Six films I could actually stand in 2006
Dec. 30th, 2006 02:21 pmBack in 1993 I was asked by Britain's leading cineaste magazine, Sight and Sound, to contribute to a series called Obsessions. You were supposed to say what films obsessed you, but I decided to go against the flow. "I've looked back over my life," I wrote, "and I can't say I've been obsessed by any film. I'm not sure I even like cinema very much". Why? "I have to keep vigilant against seduction by my political enemies. I also have very little fat on my bottom and find long sittings in cinemas an ordeal. I have a short attention span and hate naturalistic narrative."

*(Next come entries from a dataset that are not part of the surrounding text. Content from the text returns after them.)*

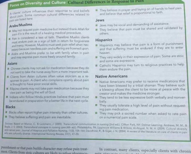 It also says “Filipino clients may not take pain medication because they view pain as being the will of God” and “Chinese clients may not ask for medication because they do not want to take the nurse away from a more important task.”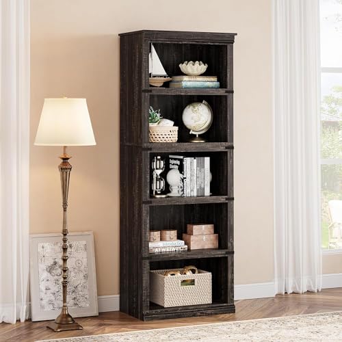 LUNSY 5 våningar bokhylla – 172 cm bokhyllor med förvaring, hög bokhylla trä öppen display bokhylla smal, bokhylla för sovrum, vardagsrum, kontor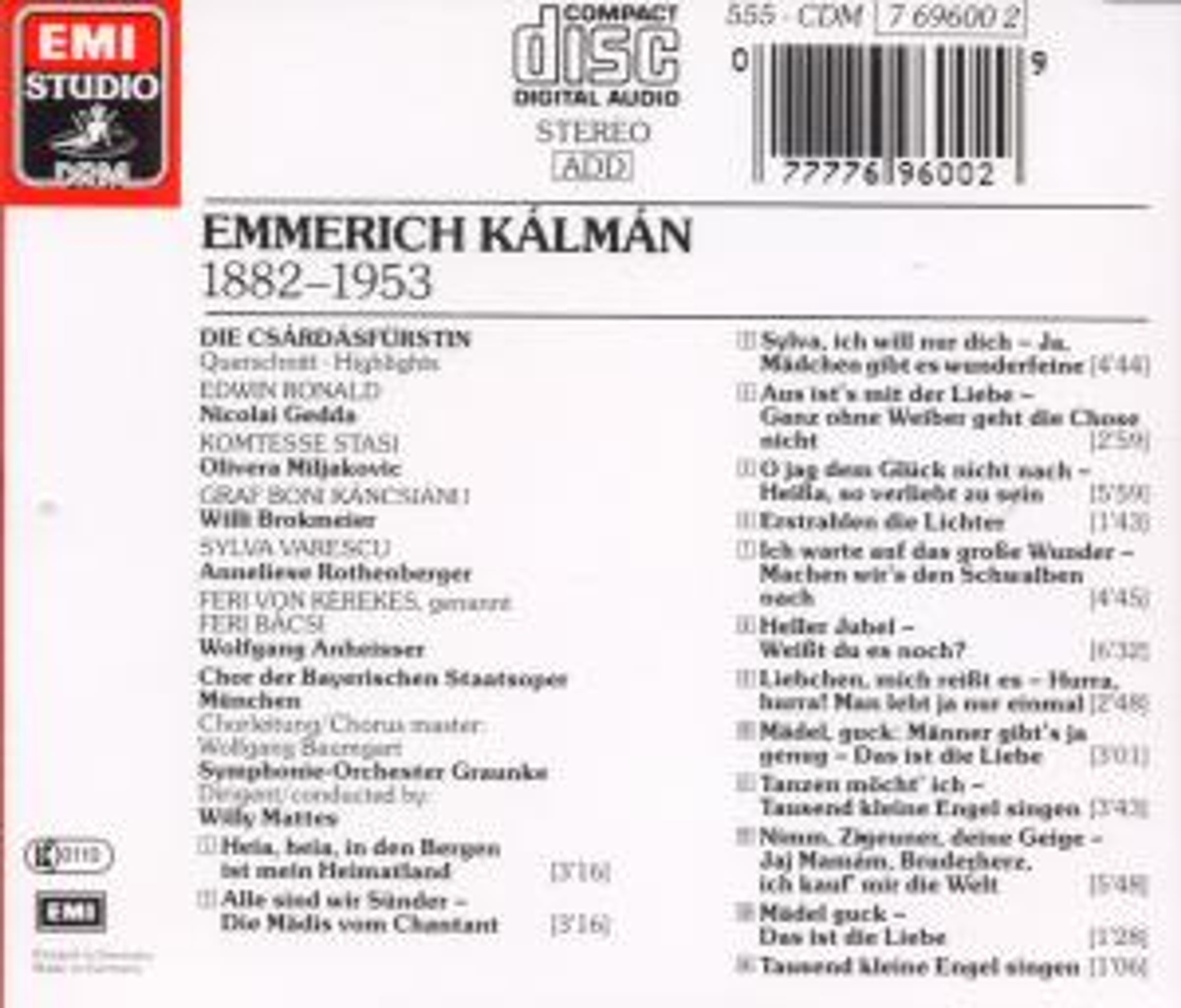 Emmerich Kalman: Die Csardasfürstin (Ausz.) auf CD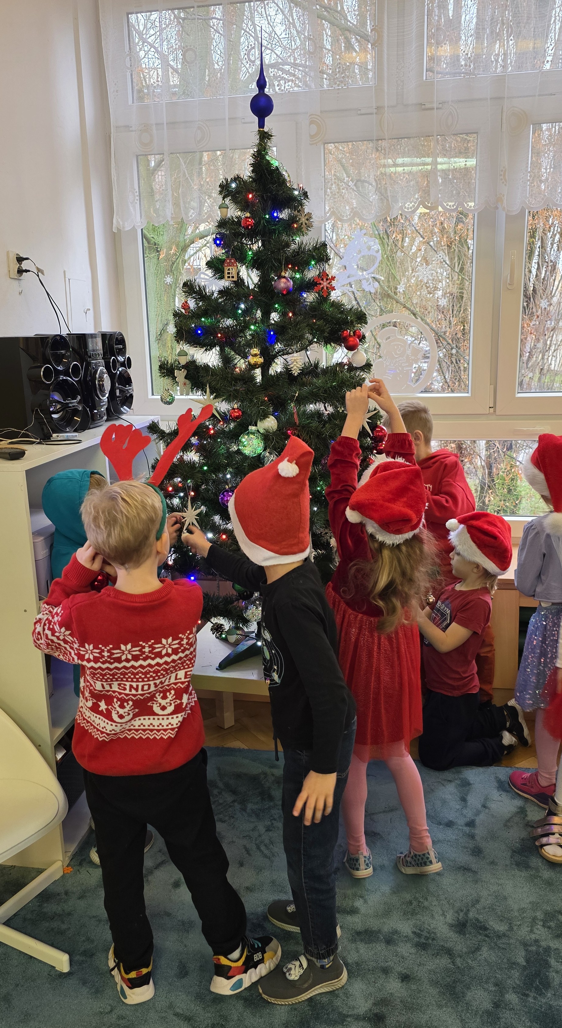 Ubieranie choinki to jedna z wielu pięknych tradycji związanych z Bożym Narodzeniem. Ważki bardzo chętnie włączyły się w strojenie naszego grupowego drzewka. Choinka prezentuje się wspaniale.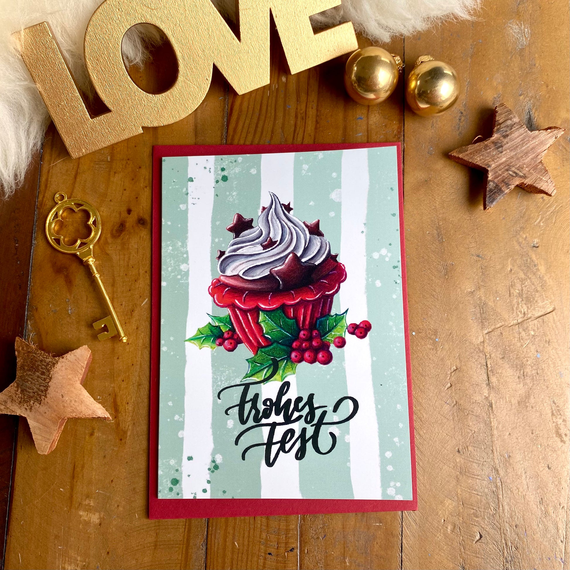 Festliche Grüße mit handgemaltem Charme! Diese süße Weihnachtskarte besticht durch einen liebevoll illustrierten Cupcake im DIN-A6-Format – ein Original aus dem Farbheldin Atelier. Innen erwarten dich eine zierliche weihnachtliche Illustration und jede Menge Platz für deine persönlichen Weihnachtswünsche. Die Karte kommt mit passendem Umschlag zu Dir – so kannst Du sie direkt an deine Liebsten weiterversenden oder verschenken.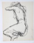 Ink sketch of a seated nude, bearing gallery stamp verso and stated to have been acquired from the artist.

Scraping around in a year of Click Opera to give you, today, a list of my favourite films of the year, I notice that things haven't changed that much. I still, basically, don't get on with cinema as an artform. It's, by and large, too long, too epic, too boring, too normative, too violent and emotionally manipulative, too expensive to make and distribute, too dependent on teamwork, too loud, with too much hype and stars who are just too incredibly dull. (Yes, Klaus Kinski is dead.)
But, somehow, I have been able to scrape together six significant cinematographic experiences this year. These are the six films I could actually stand -- and more than happily sit through -- in 2006.
I blogged about Funky Forest: First Contact, Katsuhito Ishii's follow-up to the charming Taste of Tea, on Click Opera before I'd seen it. Well, last night our friends Miya and Clemens sat us down on their sofa and, after feeding us some great food, showed us their Funky Forest DVD.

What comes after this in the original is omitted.